Now we can find the start and end of each cycle, and number them:
,cte3 as
(
select ROW_NUMBER() over (order by b1.ActivityId) CycleNumber
,b1.ActivityId StartId,b2.ActivityId EndId
from cte2 b1 left join cte2 b2
on b1.rn=b2.rn-1
where b1.Cycle='Start'
)
select * from cte3
Which gives us what we need:
CycleNumber StartId EndId
1 1 3
2 6 12
3 13 16
4 22 NULL
Now we just need to join this back on our table:
select
a.ActivityId,a.Flag,a.[Type],CycleNumber
from tab a
left join cte3 b on a.ActivityId between b.StartId and isnull(b.EndId,a.ActivityId)

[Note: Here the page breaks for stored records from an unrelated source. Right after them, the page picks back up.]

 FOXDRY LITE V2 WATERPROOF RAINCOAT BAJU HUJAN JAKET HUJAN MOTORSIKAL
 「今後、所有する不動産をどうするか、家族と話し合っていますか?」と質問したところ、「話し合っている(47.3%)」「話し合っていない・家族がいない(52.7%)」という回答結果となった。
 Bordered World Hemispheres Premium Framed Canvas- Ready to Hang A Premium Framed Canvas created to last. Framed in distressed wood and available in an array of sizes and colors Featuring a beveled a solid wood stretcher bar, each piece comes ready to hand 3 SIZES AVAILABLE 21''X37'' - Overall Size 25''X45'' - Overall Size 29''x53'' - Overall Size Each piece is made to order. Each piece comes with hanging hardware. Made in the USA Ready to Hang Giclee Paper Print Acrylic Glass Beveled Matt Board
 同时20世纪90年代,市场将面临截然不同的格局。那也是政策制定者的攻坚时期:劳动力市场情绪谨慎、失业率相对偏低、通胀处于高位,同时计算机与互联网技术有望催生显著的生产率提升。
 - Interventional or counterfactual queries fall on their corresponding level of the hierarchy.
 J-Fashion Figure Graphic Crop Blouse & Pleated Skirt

This gives the result you were looking for.
This is just a quick and dirty solution, perhaps with a little TLC you can pretty it up, and reduce the number of steps.

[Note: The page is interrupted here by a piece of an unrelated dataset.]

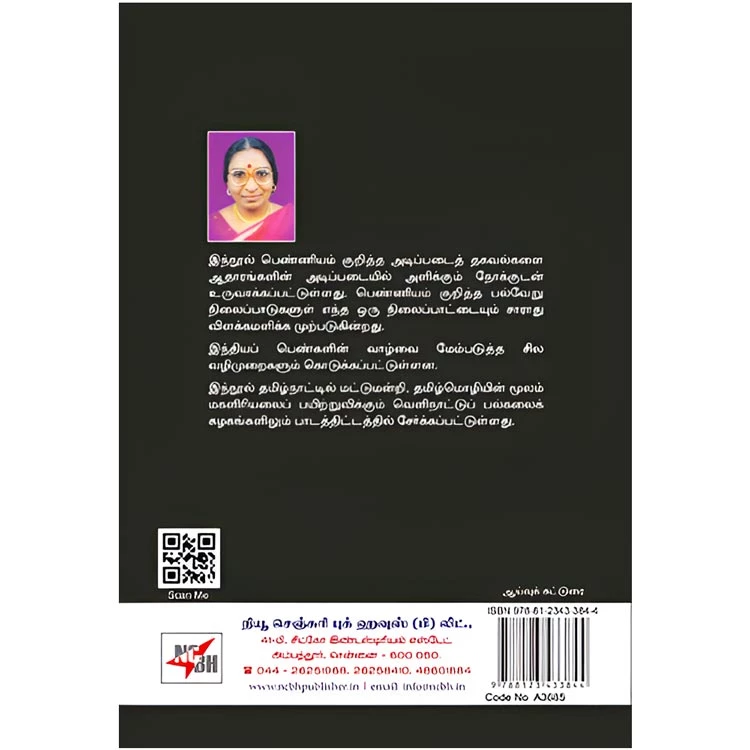 Details : Category : Articles ISBN : 9788123433844 Author : S. Muthuchithambaram Weight : 100.00 gm Binding : Paper Back Language : Tamil Publishing Year : 2005 Code no : A3685 Pages : 208 பெண்ணியம் தோற்றமும் வளர்ச்சியும் : இந்நூல் பெண்ணியம் குறித்த அடிப்படைத் தகவல்களை ஆதாரங்களின் அடிப்படையில் அளிக்கும் நோக்குடன் உருவாக்கப்பட்டுள்ளது. பெண்ணியம் குறித்த பல்வேறு நிலைப்பாடுகளுள் எந்த ஒரு நிலைப்பாட்டையும் சாராது விளக்கமளிக்க முற்படுகின்றது. இந்தியப் பெண்களின் வாழ்வை மேம்படுத்த சில வழிமுறைகளும் கொடுக்கப்பட்டுள்ளன. இந்நூல் தமிழ்நாட்டில் மட்டுமன்றி, தமிழ்மொழியின் மூலம் மகளிரியலைப் பயிற்றுவிக்கும் வெளிநாட்டுப் பல்கலைக் கழகங்களிலும் பாடத்திட்டத்தில் சேர்க்கப்பட்டுள்ளது. |

The full solution is here:
with tab as
(select * from (values
(1,'N',''),(2,'N',''),(3,'Y','EXT'),(4,'Y','')
,(5,'Y',''),(6,'N',''),(7,'Y','INT'),(8,'Y','')
,(9,'N',''),(10,'N',''),(11,'N',''),(12,'Y','EXT')
,(13,'N',''),(14,'N',''),(15,'N',''),(16,'Y','EXT')
,(17,'Y',''),(18,'Y','INT'),(19,'Y',''),(20,'Y','EXT')
,(21,'Y',''),(22,'N',''),(23,'N','')) a(ActivityId,Flag,[Type]))
,CTE1 as
( select
ROW_NUMBER() over (order by t1.ActivityId) rn
,t1.ActivityId
,case when t1.Flag='N' then 'Start' else 'End' end Cycle
from tab t1
where t1.Flag='N' or (t1.Flag='Y' and t1.[Type]='Ext')
)
,CTE2 as
(
select ROW_NUMBER() over (order by a1.activityid) rn
,a1.ActivityId
,a1.Cycle
,a2.Cycle PrevCycle
from CTE1 a1 left join CTE1 a2 on a1.rn=a2.rn+1
where
a2.Cycle is null -- First Cycle
or
( a2.Cycle is not null
and
(
a1.Cycle='End' -- End of cycle
or
(a1.Cycle='Start'
and a2.Cycle='End') -- next cycles
)
)
)
,cte3 as
(
select ROW_NUMBER() over (order by b1.ActivityId) CycleNumber
,b1.ActivityId StartId,b2.ActivityId EndId
from cte2 b1 left join cte2 b2
on b1.rn=b2.rn-1
where b1.Cycle='Start'
)
select
a.ActivityId,a.Flag,a.[Type],CycleNumber
from tab a
left join cte3 b on a.ActivityId between b.StartId and isnull(b.EndId,a.ActivityId)
Upvotes: 3